By the way, to do this yourself, make use of your browser's developer console. Switch to the elements tab and use the element selector. You can then look at the tags and copy out the CSS Selector for the appropriate tag.

Here is the relevant HTML:

image

As you can see, if you can tease the content attribute from #panel1c > div > div.w-product__actions.iss-product-stock-button > div.w-product__price.iss-product-price-container > span.w-product__price__current.iss-product-current-price then you are good to go :wink:

So, something like this should work:

[{"id":"8cab92ce.9323d","type":"debug","z":"4e0def05.d4415","name":"","active":true,"tosidebar":true,"console":false,"tostatus":false,"complete":"false","x":850,"y":260,"wires":[]},{"id":"5479aade.0fd914","type":"inject","z":"4e0def05.d4415","name":"","topic":"","payload":"","payloadType":"date","repeat":"","crontab":"","once":false,"onceDelay":0.1,"x":220,"y":260,"wires":[["c2e2b434.9eddf8"]]},{"id":"c2e2b434.9eddf8","type":"http request","z":"4e0def05.d4415","name":"","method":"GET","ret":"txt","paytoqs":false,"url":"https://www.worten.pt/produtos/ar-condicionado-becken-bac2323-24-m2-12000-btu-branco-5723895","tls":"","proxy":"","authType":"","x":370,"y":260,"wires":[["34cfeab1.5effd6"]]},{"id":"34cfeab1.5effd6","type":"html","z":"4e0def05.d4415","name":"","property":"payload","outproperty":"payload","tag":".iss-product-current-price","ret":"html","as":"single","x":590,"y":260,"wires":[["8cab92ce.9323d"]]}]

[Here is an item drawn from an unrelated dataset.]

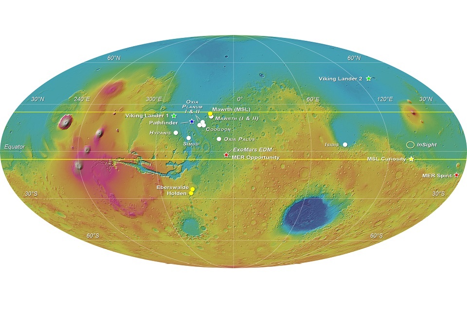 The workshop attendees favoured 4 candidate sites – all of which are located relatively near the equator - that were considered to be the most likely to achieve the mission’s objectives. They are: Mawrth Vallis (for which 2, very similar, proposals were received), Oxia Planum, Hypanis Vallis and Oxia Palus.

But it doesn't because the page includes some nasty javascript checks and the http-request node fails them and triggers a Google challenge/response as you will see if you replace the selector in the html node with body div.

1 Like

Weird but if you wget on console it works... it's possible to wget using console and read as a file ?

I think that the problem is the user agent....

You should be able to set the user agent. I think it is possibly looking for a cookie as well so you might try capturing that from a browser session and see if you can add it back in, the http-request node lets you do that.

Yes, you should also be able to use wget, you can use it with the exec node and feed its output back to your flow. You should then be able to process it using the http node.